A controversial U.S. Dept. of the Interior final rule tightens offshore energy drilling safety requirements, weakened by one in 2019 under the Trump administration. The action is intended to prevent environmental disasters similar to the 2010 Deepwater Horizon oil platform explosion and spill. The rule, supported by environmental groups and opposed by oil interests, largely restores Obama administration changes following that tragedy in the Gulf of Mexico, which killed 11 workers and spilled 134 million gallons of oil.
Published Aug. 23 in the Federal Register, the rule requires blowout preventer systems that are always able to close and seal a wellbore to the well’s maximum anticipated surface pressure. Operators also must provide failure data to the Interior Dept. Bureau of Safety and Environmental Enforcement and a designated third party, with failure investigations mandated to start within 90 days of such an incident.
Deepwater Horizon had a blowout preventer, but a U.S. Chemical Safety Board report on the spill found it failed and, instead of sealing a pipe, cut it.
“These improvements are necessary to ensure offshore operations, especially those related to well integrity and blowout prevention, are based on the best available, sound science,” Interior Secretary Deb Haaland said in a statement.
Not everyone agrees.
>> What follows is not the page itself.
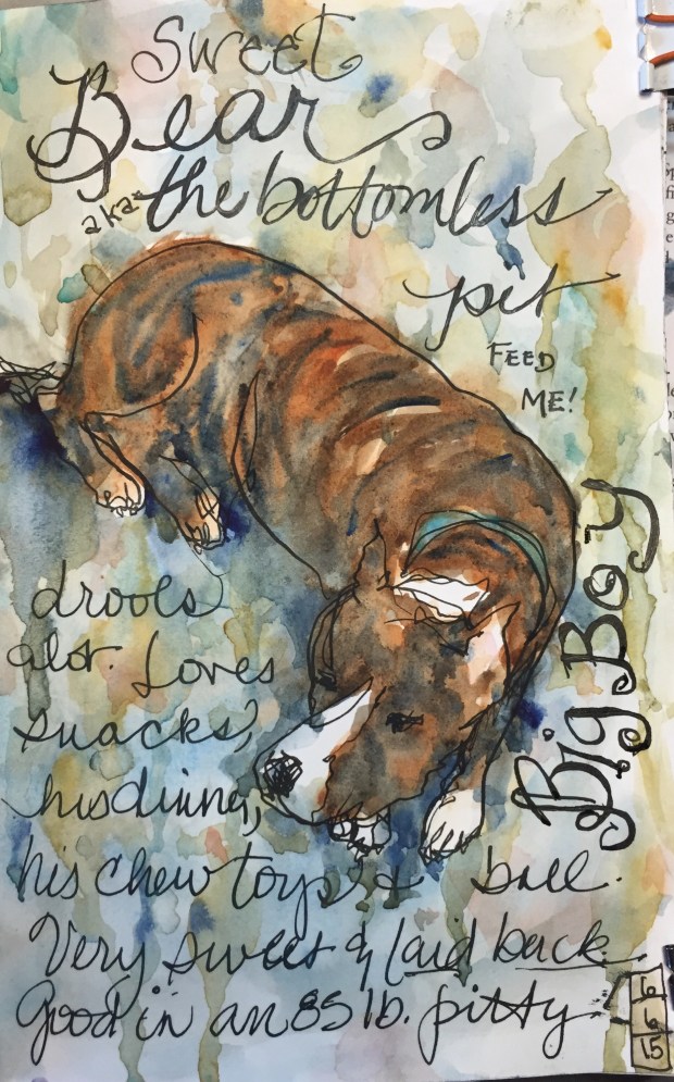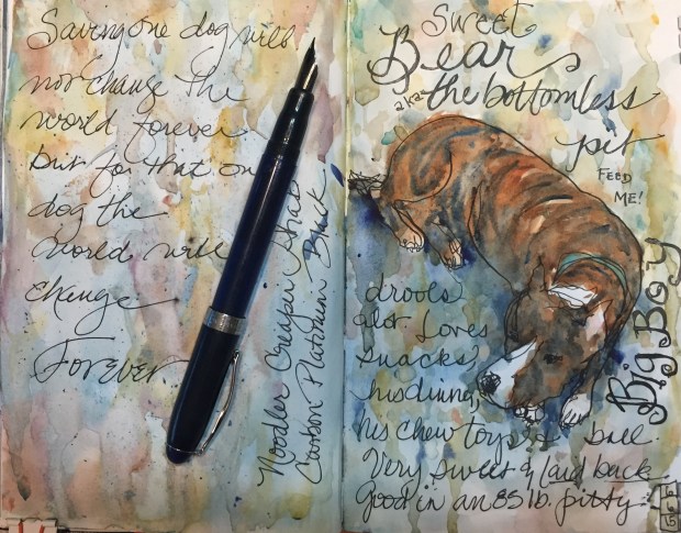 He’s a big brown brindled pitty that somebody dumped.  Wisely Bear attached himself to my son Ben two years ago and there he stays. He’s really a very laid back relaxed dog who would rather be petted than ever chew on you.  He was fun to journal about with my Noodler Creaper Ahab in Carbon Platinum Black ink.

In a written comment last year on the proposed rule, the American Petroleum Institute and other groups called tit “ambiguous” and claimed some changes are not economically feasible.
In another comment, a coalition of environmental advocacy groups led by the Natural Resources Defense Council said the rule “corrects” the 2019 changes, but it urged officials to add specifics and make more stringent changes.
“The importance of having strong blowout preventer and well control rules cannot be overstated,” the groups wrote.
Most of the rule, titled Oil and Gas and Sulfur Operations in the Outer Continental Shelf-Blowout Preventer Systems and Well Control Revisions, takes effect in 60 days, but a provision requiring remotely operated vehicles that can manually open and close blowout preventers won't be effective for one year.